Taking that one first, this has been something Oklahoma State head football coach Mike Gundy insisted needed to be done almost since the beginning of the NCAA Transfer Portal. The thought that a school should get a scholarship back to use every time they lost one in the portal seemed sensible.

Oklahoma State Athletics
Mike Gundy has always argued for a player for a player when it comes to portal math.

“It’s really simple, Gundy said last summer. “If you lose a player to the transfer portal then you can pick up a player. One-for-one and forget the 25 initial limit. You keep the 85-limit on scholarship players. You have teams that have been on probation or gone through tough times and they are down 10, 15,even 20 scholarship players and you ask them to play games. Player safety, you have to let schools replenish their roster.”

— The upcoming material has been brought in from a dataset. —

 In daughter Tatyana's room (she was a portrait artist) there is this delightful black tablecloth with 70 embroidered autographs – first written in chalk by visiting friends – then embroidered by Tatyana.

That is exactly what happens now. Schools can take the number of players they need to in order to get to 85 scholarship athletes.

For those keeping score, Oklahoma State is currently at 84-scholarship football players. The Texas A&M portal transfer Deondre Jackson made the number 84. Oklahoma State has one left and is ideally looking for an offensive lineman addition. They won’t take anybody unless they feel they can help the team win. 

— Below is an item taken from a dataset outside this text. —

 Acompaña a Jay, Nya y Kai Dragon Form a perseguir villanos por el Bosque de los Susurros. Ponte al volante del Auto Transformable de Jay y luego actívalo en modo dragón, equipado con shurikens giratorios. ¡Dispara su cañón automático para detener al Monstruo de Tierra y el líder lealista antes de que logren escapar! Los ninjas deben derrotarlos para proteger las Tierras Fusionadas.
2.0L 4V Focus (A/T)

Coaching those players to a championship looks like it will change now. The NCAA Division I Council says you can organize your conference however you want, schedule the way your schools decide, and then play the championship game in the format that the conference desires. This change comes after the 10-school Big 12 petitioned for a championship game and played a round robin schedule with the two teams with the best (conference) records playing for the championship. Last year it was 8-1 Oklahoma State playing 8-1 Baylor.

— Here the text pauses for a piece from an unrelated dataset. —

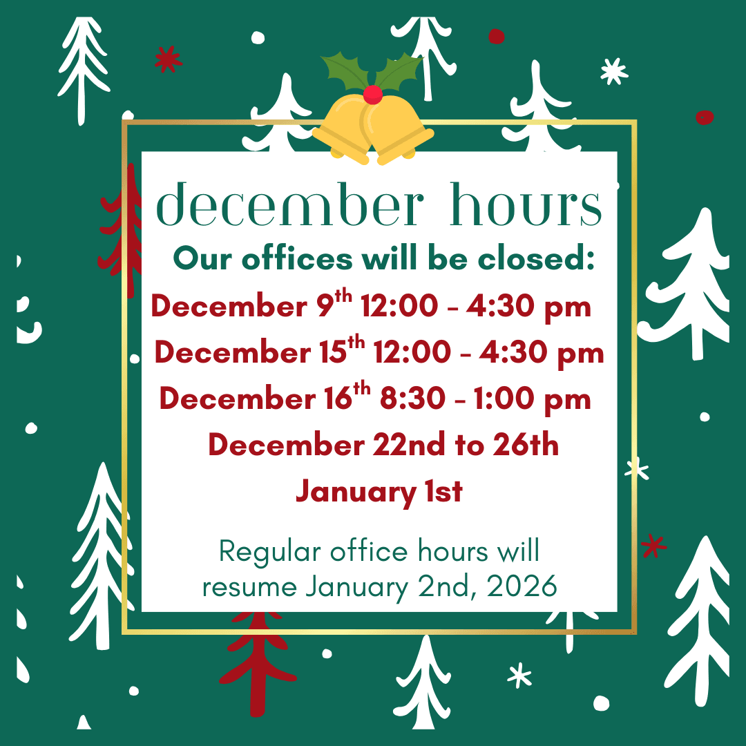 Our office will be closed: December 9th 12:00 – 4:30 pm December 15th 12:00 –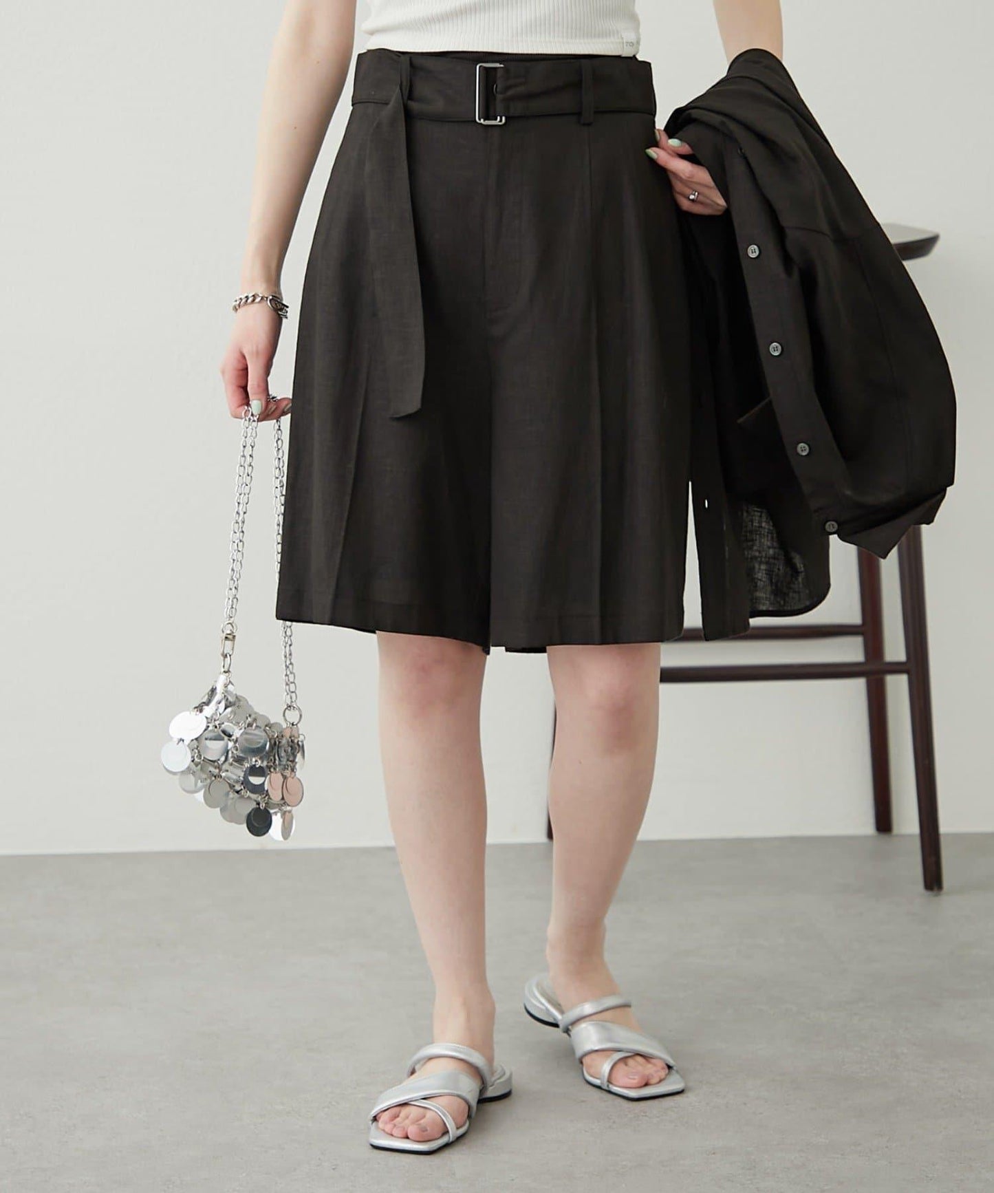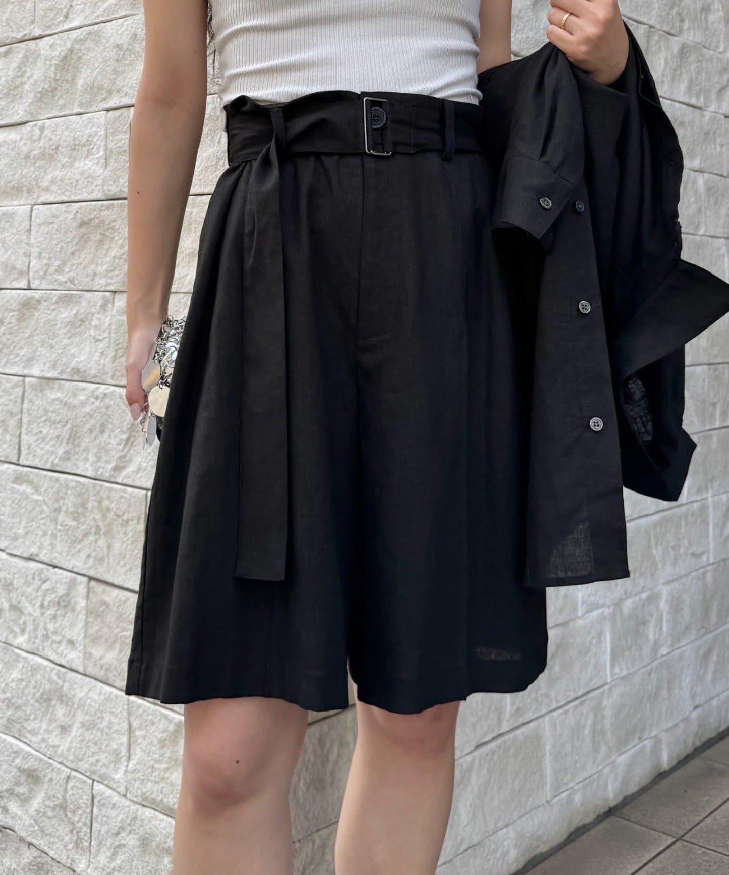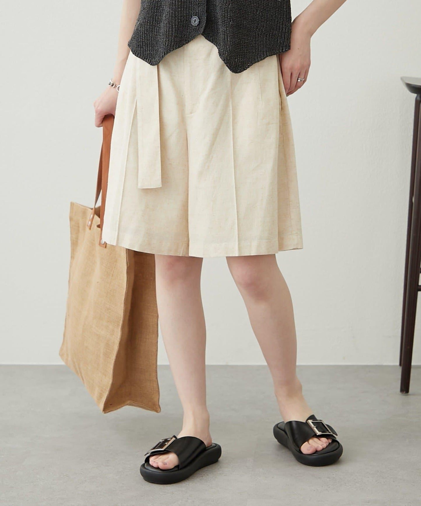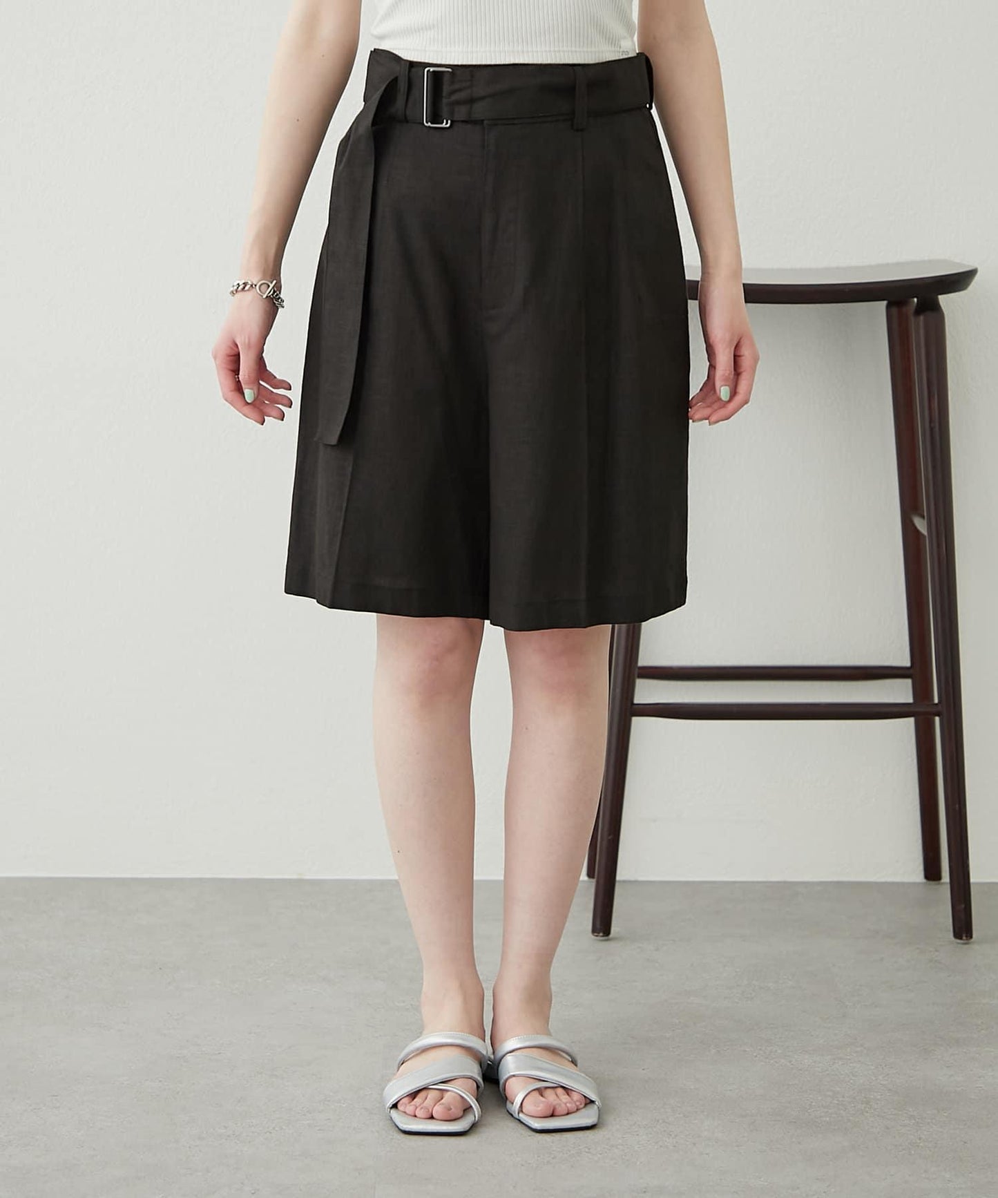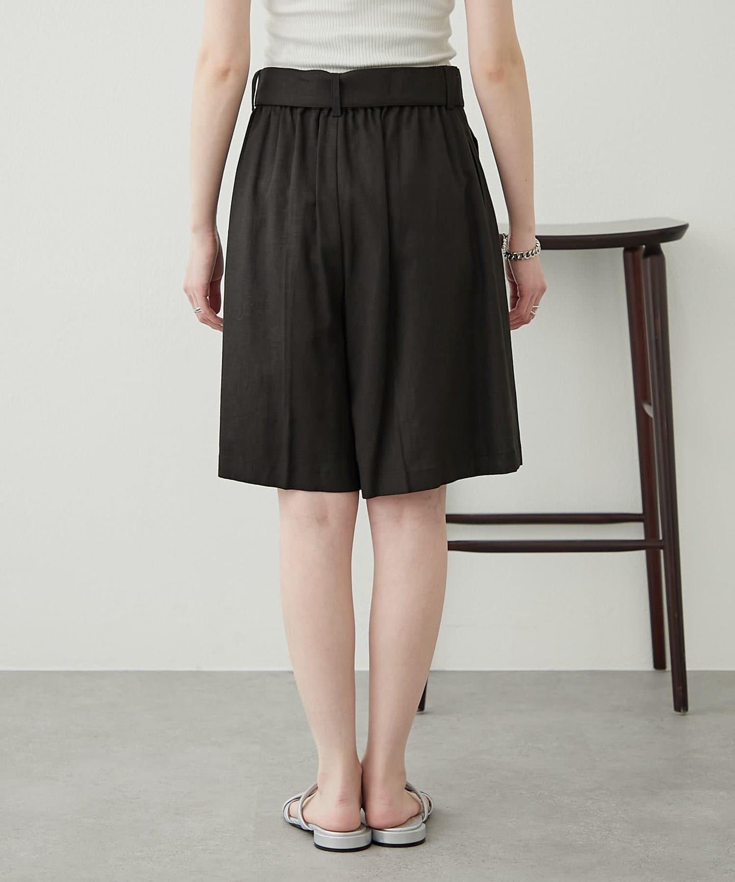 【柳樹】亞麻混紡帶腰帶的短褲

Pat Kinnison - Chief Photographer
Oklahoma State played Baylor in the 2021 Big 12 Championship.

The bigger Power Five conferences will not be able to play a complete round robin, and the Big 12 won’t be able to do that as well starting in 2023 with 14 teams slated to play that season. It still appears the overwhelming popular move is to go to a balanced schedule with the entire conference and then have the two best teams play for the championship.

The Pac-12 came out with that release announcing the change in their conference moments after the Division I Council vote was known. It is expected that the ACC will soon follow suit. The SEC and Big Ten will be meeting and discussing that issue as well.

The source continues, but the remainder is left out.